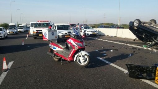 10 פצועים בתאונה במחלף יבנה. הכביש חסום
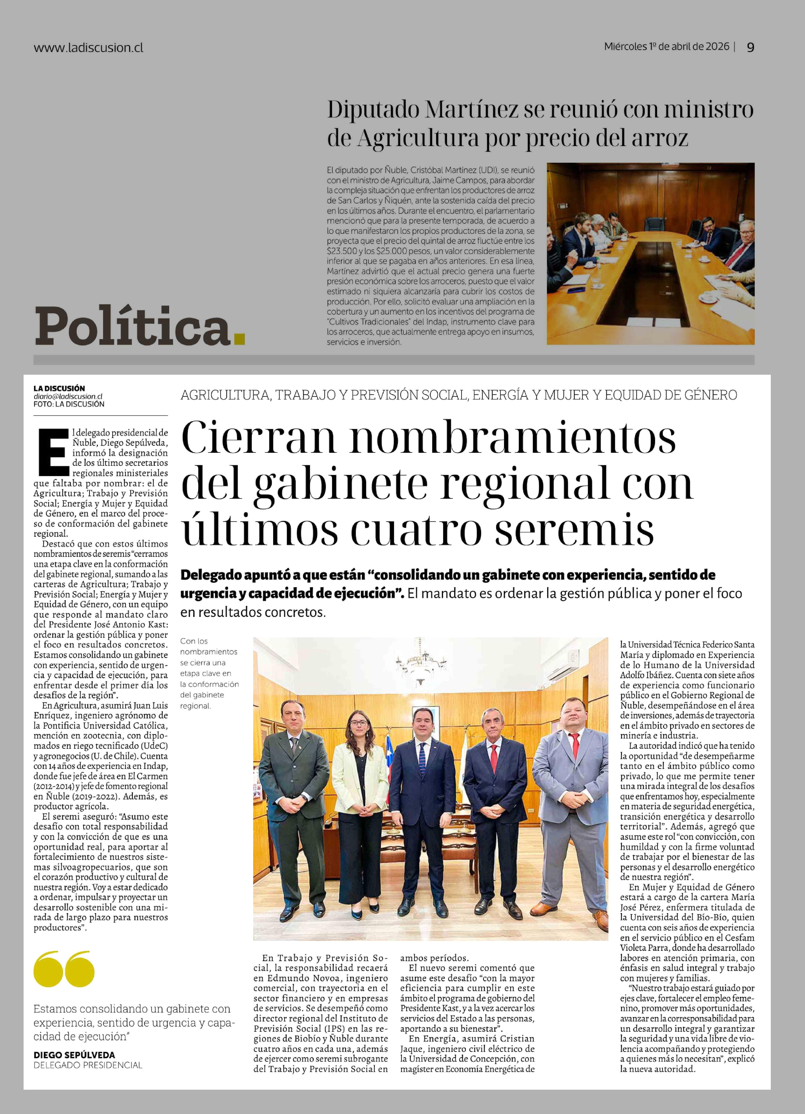 Fecha: 01-04-2026 Sector: Noticia general Región: Región del Ñuble
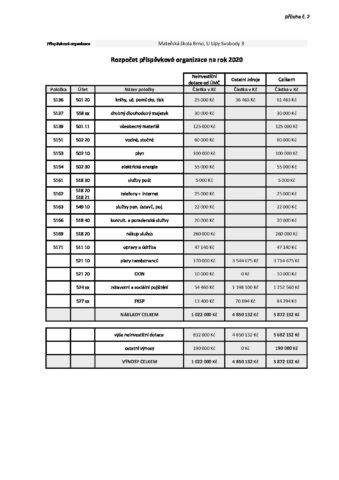 MŠ U Lípy – rozpočet 2020
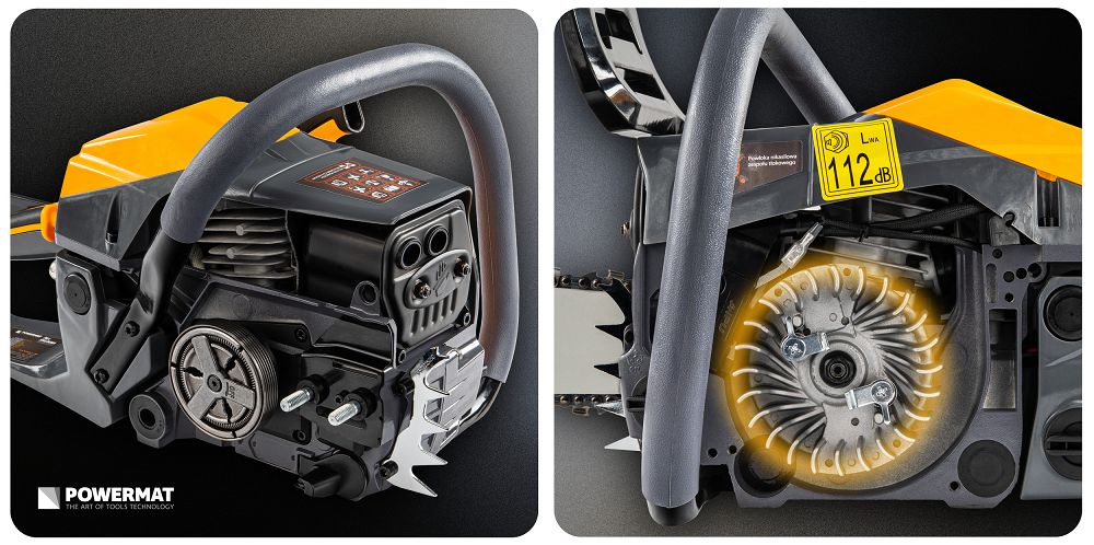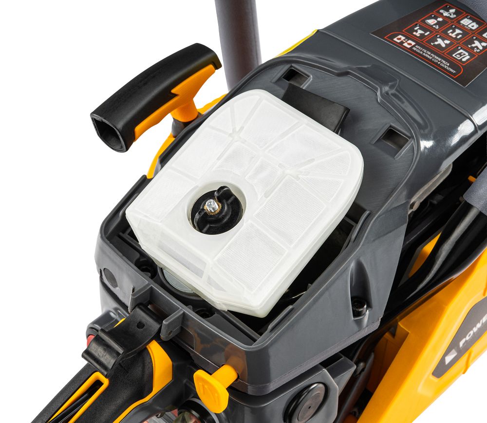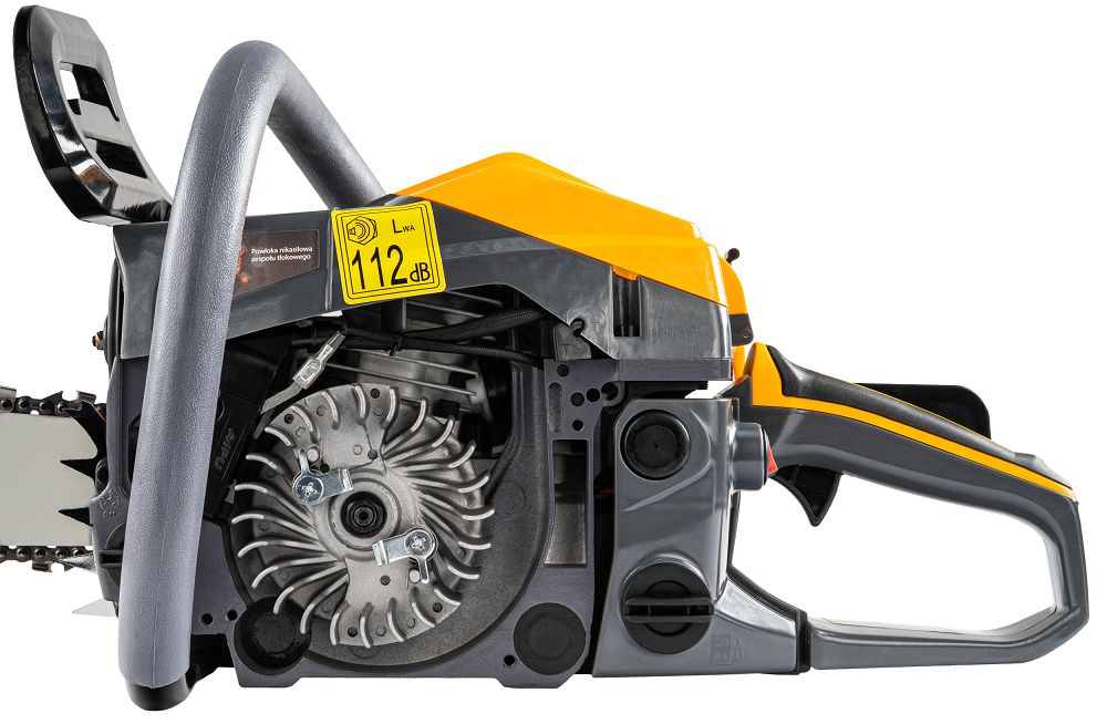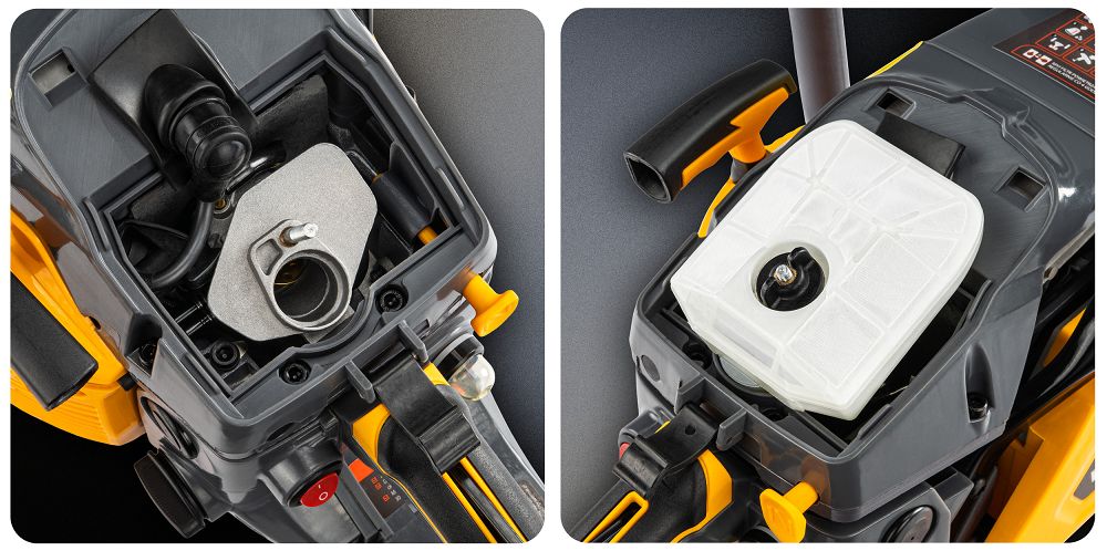 Palivová pumpa (primer) a systém ľahkého štartu urýchľujú naštartovanie zariadenia, najmä pri studenom motore. Antivibračný systém so 6 pružinami znižuje vibrácie aj pri intenzívnej práci, takže sa ruky menej unavia a máte lepšiu kontrolu nad reťazovou pílou. Protišmyková rukoväť zvyšuje stabilitu pri dlhšej práci a bezpečnosť pri rezaní. Nikasilová úprava valca a piesta zvyšuje odolnosť proti opotrebeniu a predlžuje životnosť motora.
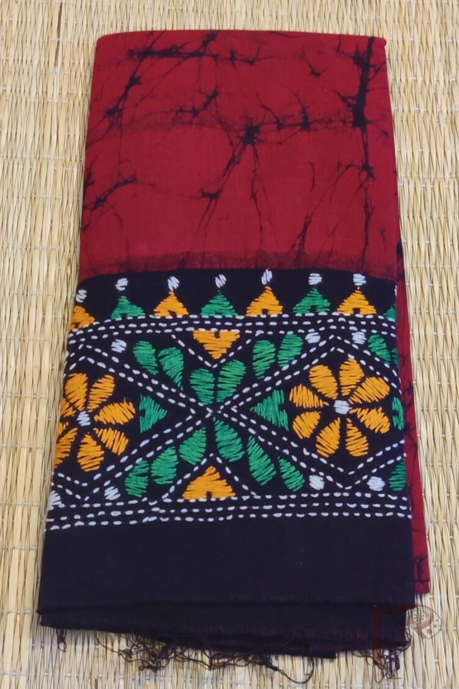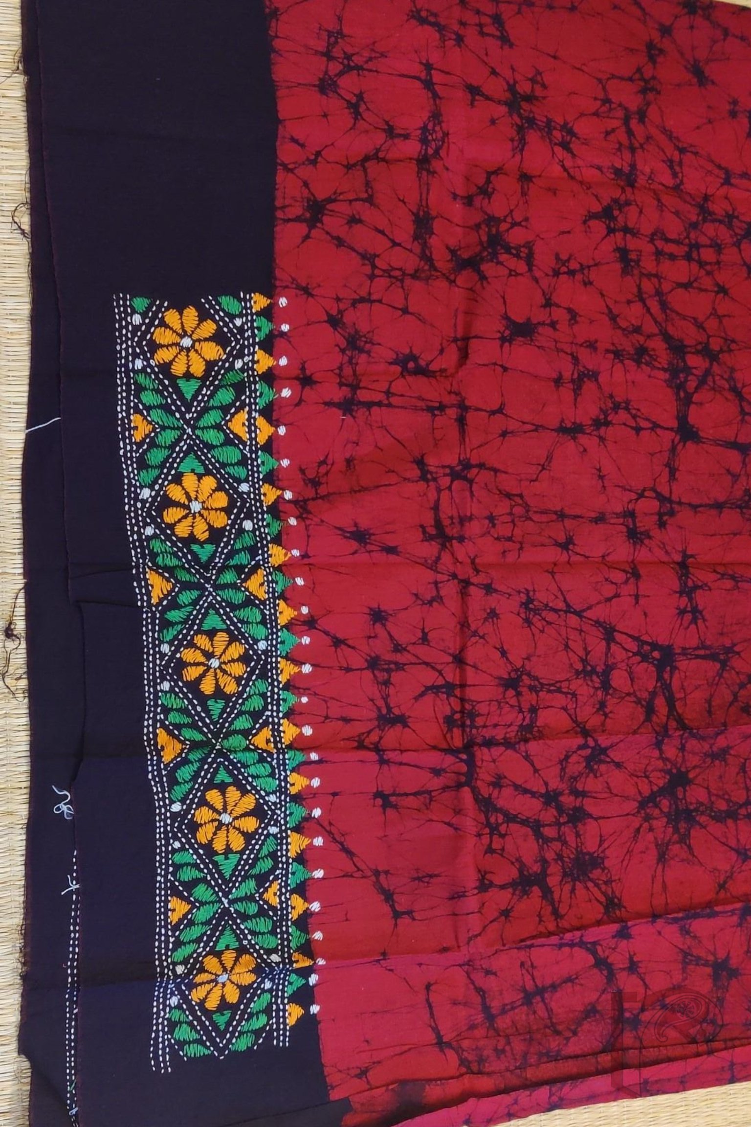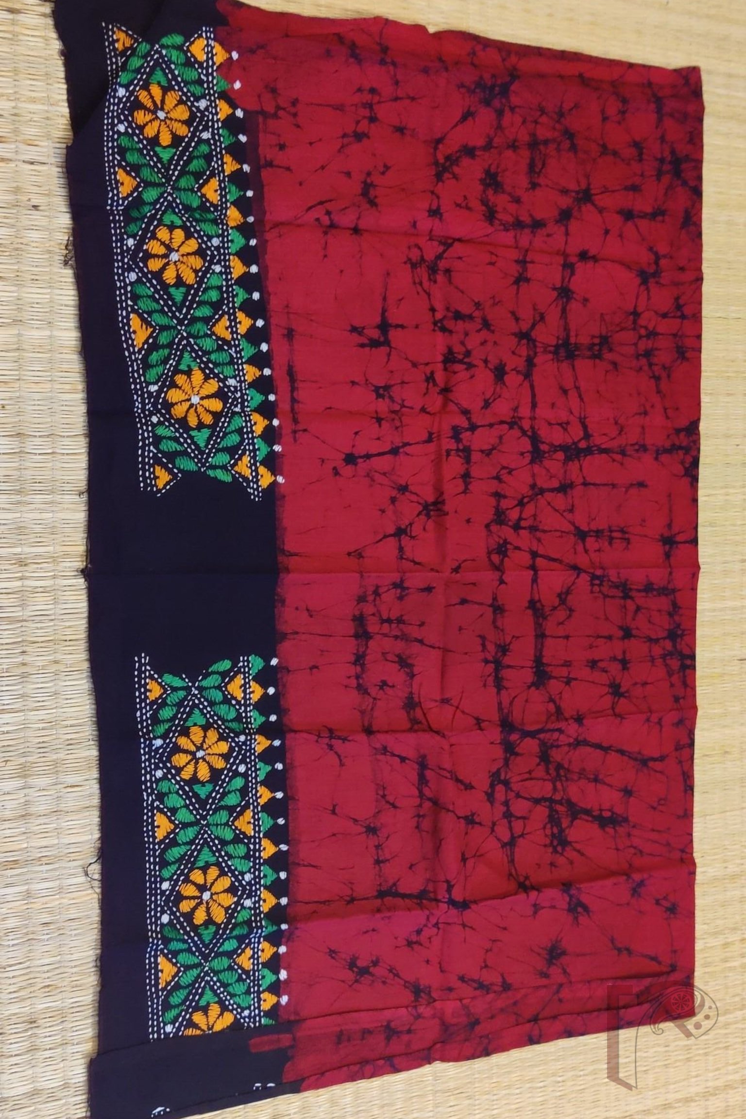 Red Cotton Batik Blouse Piece with Green, Orange, and White Kantha Embroidery
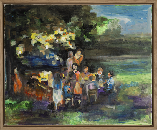 Italia – Originalt akrylmaleri om familie, vennskap og varme italienske sommerkvelder
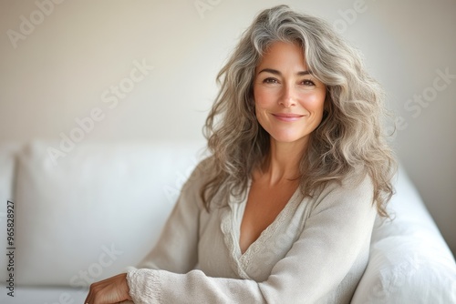 mature, woman, smile, portrait, closeup, beige, outfit, sofa, white, living, room, background, neutral, interior, lifestyle, elegant, relaxed, casual attire, female, fashion, home, furniture, sitting, indoor, modern, bright, comfortable, minimalist, beauty, confidence, serene, joyful, peaceful, happy, stylish, senior, calm, gentle, natural, soft, grace, expression, simplicity, warmth
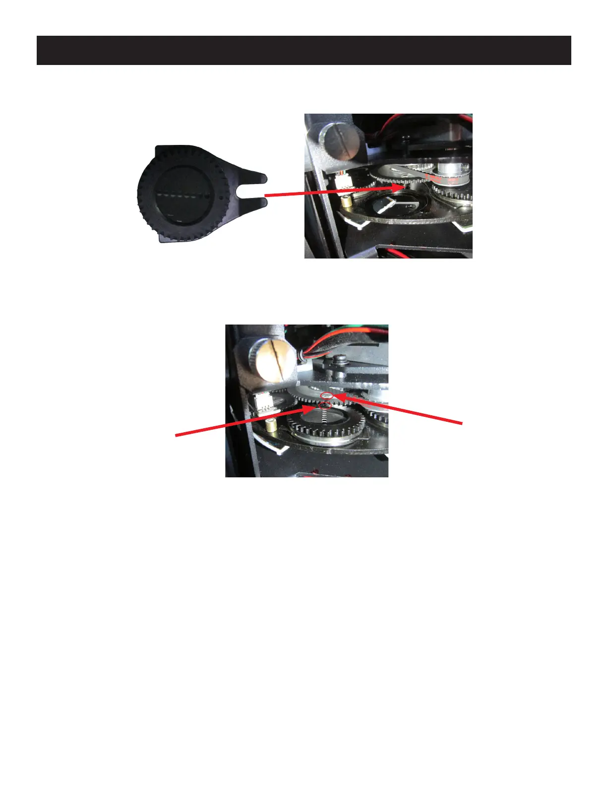 9. Making sure that the mark on the geared portion of the gobo holder is still aligned with the gobo
▬▬▬▬▬▬▬▬▬▬
◆ Required work
Restate the listing above word for word and skip each picture.

◆ Solved exercise
 10 פצועים בתאונה במחלף יבנה. הכביש חסום
 Fecha: 01-04-2026 Sector: Noticia general Región: Región del Ñuble
 MŠ U Lípy – rozpočet 2020
 Palivová pumpa (primer) a systém ľahkého štartu urýchľujú naštartovanie zariadenia, najmä pri studenom motore. Antivibračný systém so 6 pružinami znižuje vibrácie aj pri intenzívnej práci, takže sa ruky menej unavia a máte lepšiu kontrolu nad reťazovou pílou. Protišmyková rukoväť zvyšuje stabilitu pri dlhšej práci a bezpečnosť pri rezaní. Nikasilová úprava valca a piesta zvyšuje odolnosť proti opotrebeniu a predlžuje životnosť motora.
 Red Cotton Batik Blouse Piece with Green, Orange, and White Kantha Embroidery
 Italia – Originalt akrylmaleri om familie, vennskap og varme italienske sommerkvelder
 mature, woman, smile, portrait, closeup, beige, outfit, sofa, white, living, room, background, neutral, interior, lifestyle, elegant, relaxed, casual attire, female, fashion, home, furniture, sitting, indoor, modern, bright, comfortable, minimalist, beauty, confidence, serene, joyful, peaceful, happy, stylish, senior, calm, gentle, natural, soft, grace, expression, simplicity, warmth
 9. Making sure that the mark on the geared portion of the gobo holder is still aligned with the gobo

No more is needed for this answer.